Today Reuters, the world’s largest international multimedia news provider, announced in partnership with Ipsos, one of the world’s leading research firms, the launch of a new interactive presidential election tool called “States of the Nation.” Powered by the largest presidential tracking poll ever attempted, the new tool shows how each of the candidates’ support in the Reuters/Ipsos poll translates at the state level in the Electoral College and how changes in turnout among demographic and political groups could affect the result. Users are able to adjust turnout of different voter groups themselves to see how that could change who wins and who loses the election.
”States of the Nation” is powered by a vastly expanded Reuters/Ipsos poll with a sample size of at least 15,000 Americans per week, making it the largest-ever presidential tracking poll.
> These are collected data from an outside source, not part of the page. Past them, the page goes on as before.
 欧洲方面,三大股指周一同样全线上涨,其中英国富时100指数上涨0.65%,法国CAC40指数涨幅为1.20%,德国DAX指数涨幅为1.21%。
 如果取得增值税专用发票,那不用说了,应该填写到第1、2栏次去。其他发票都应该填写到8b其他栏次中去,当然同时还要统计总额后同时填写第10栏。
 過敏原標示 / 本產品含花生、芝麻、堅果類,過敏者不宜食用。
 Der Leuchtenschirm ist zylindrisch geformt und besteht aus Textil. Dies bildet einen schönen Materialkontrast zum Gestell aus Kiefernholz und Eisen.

The data will power the election simulation and Reuters and Ipsos’ projected outcome of the race, continuously updated to reflect the latest voter intent as candidate support waxes and wanes.
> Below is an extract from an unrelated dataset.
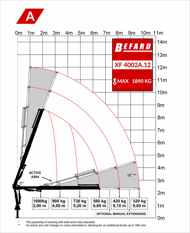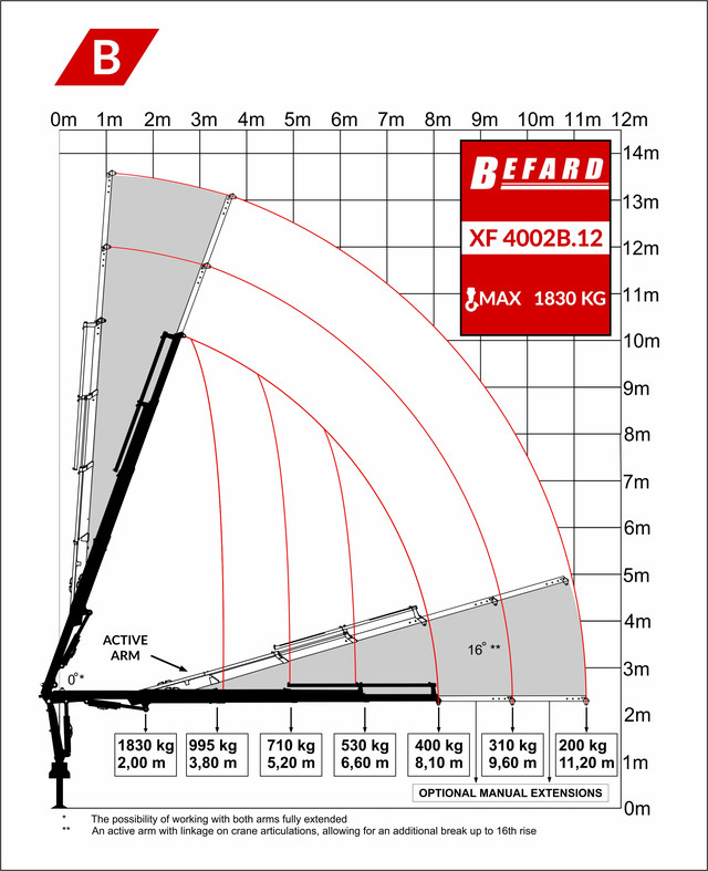 BEFARD XF — это серия кранов-манипуляторов с двойной стрелой, предназначенных для установки на легкие грузовики, такие как: Iveco 50c15, Renault Mascot, а также на более мелкие грузовые автомобили, такие как Mercedes Atego, Iveco Eurocargo и другие. В зависимости от конкретной конфигурации краны BEFARD XF могут быть оснащены одним, двумя, тремя или даже четырьмя гидравлическими удлинителями. Увеличенное количество удлинителей позволяет машине работать на больших расстояниях.

Users are able to adjust the turnout of various demographic and political groups at the ballot box – by sex, race and ethnicity, income range, age and party affiliation – to see how different scenarios could affect the outcome of the race. The simulation can show, for example, how the election would be affected if black men show up in higher than expected numbers while Hispanic women show up in lower numbers, or what the effect would be if millennials or wealthy Republicans stayed home.
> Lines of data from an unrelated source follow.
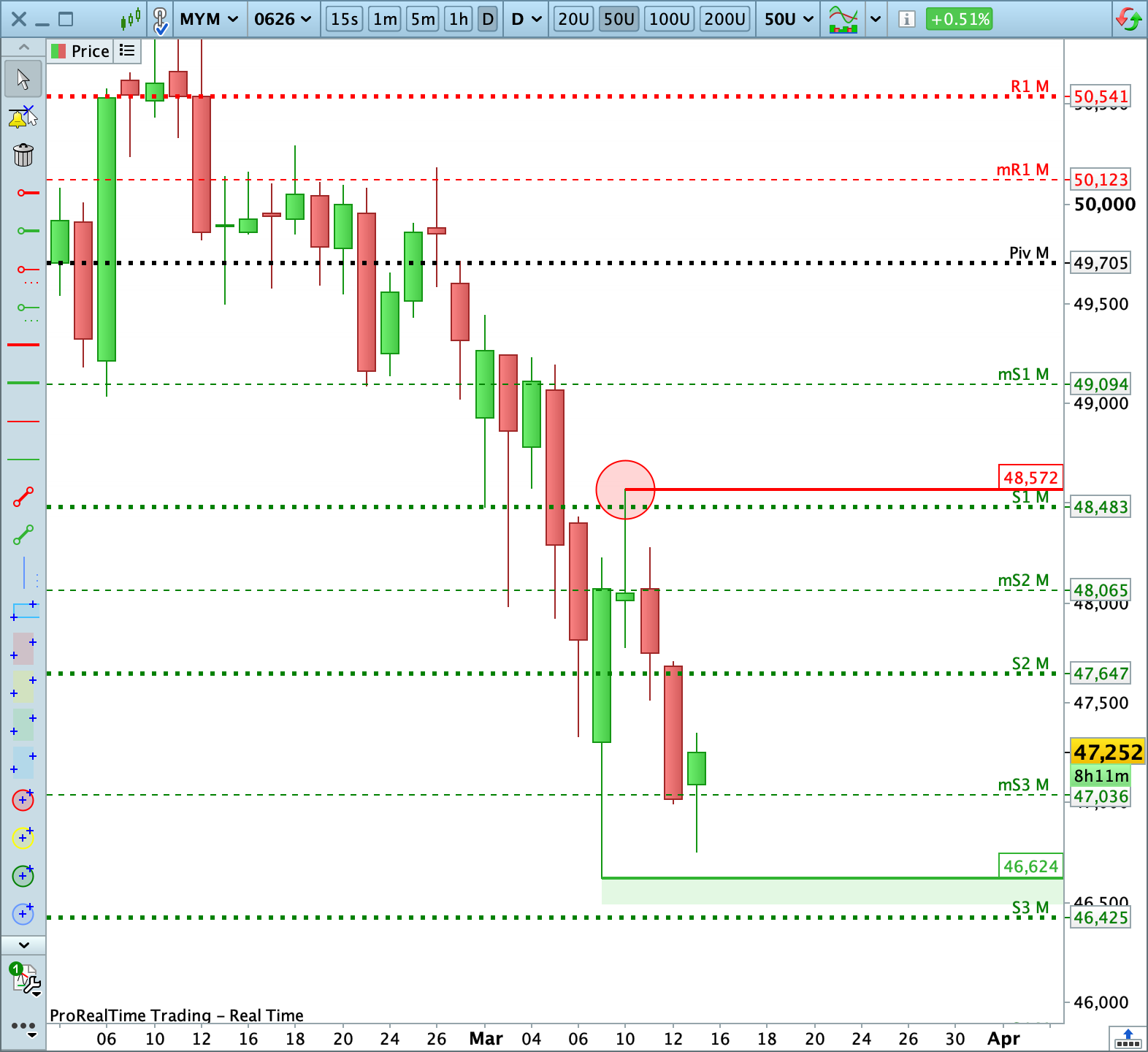 Note: Dow futures contract rollover in effect. I’ve switched to the June expiry, and all price levels from yesterday’s trading plan have been updated accordingly.
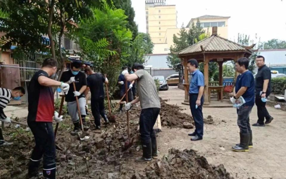 國家開發銀行鄉村振興部的田扶搖正和國家開發銀行的碩博志愿者隊一起,在社區清理淤泥:“大家都是利用周末時間自發前來的志愿者,有的同事還帶了家屬一起來支援災區,也都想力所能及地出一份綿薄之力。”
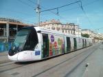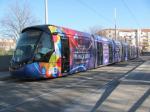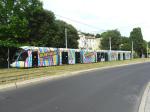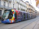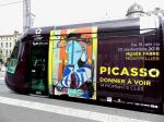 - Une des deux motrices de la rame 2098 Citadis 402 Alstom, aux couleurs de l’exposition « Picasso – Donner à voir », photographiée à la station « Comédie », le mardi 5 juin 2018. Copyright : Anje34

“’States of the Nation’ allows anyone – from the most sophisticated social scientists and political junkies to curious laymen – to examine how different groups and demographics can affect the race,” said Reuters editor Mo Tamman, the creator of the project. “Come November, it all comes down to turnout, and with such a huge amount of data driving our projection, we’re able to offer a more informed and nuanced understanding of how changes in turnout can drive profound shifts at the ballot box. We believe this is a substantive addition to the campaign-coverage landscape but is also a tool that users will find useful, entertaining and perhaps even edifying.”
“What we have attempted here is completely unprecedented in the world of polling and public opinion research, both from a data capture and transparency perspective” said Ipsos Public Affairs President Cliff Young, architect of the polling methodology and analytics. “We are ‘opening up the black box’ and empowering people to make the same types of tradeoffs and decisions that pollsters make every day. Elections are won and lost on turnout, and our tool means that people can explore how their own turnout scenarios would play out on Election Day.”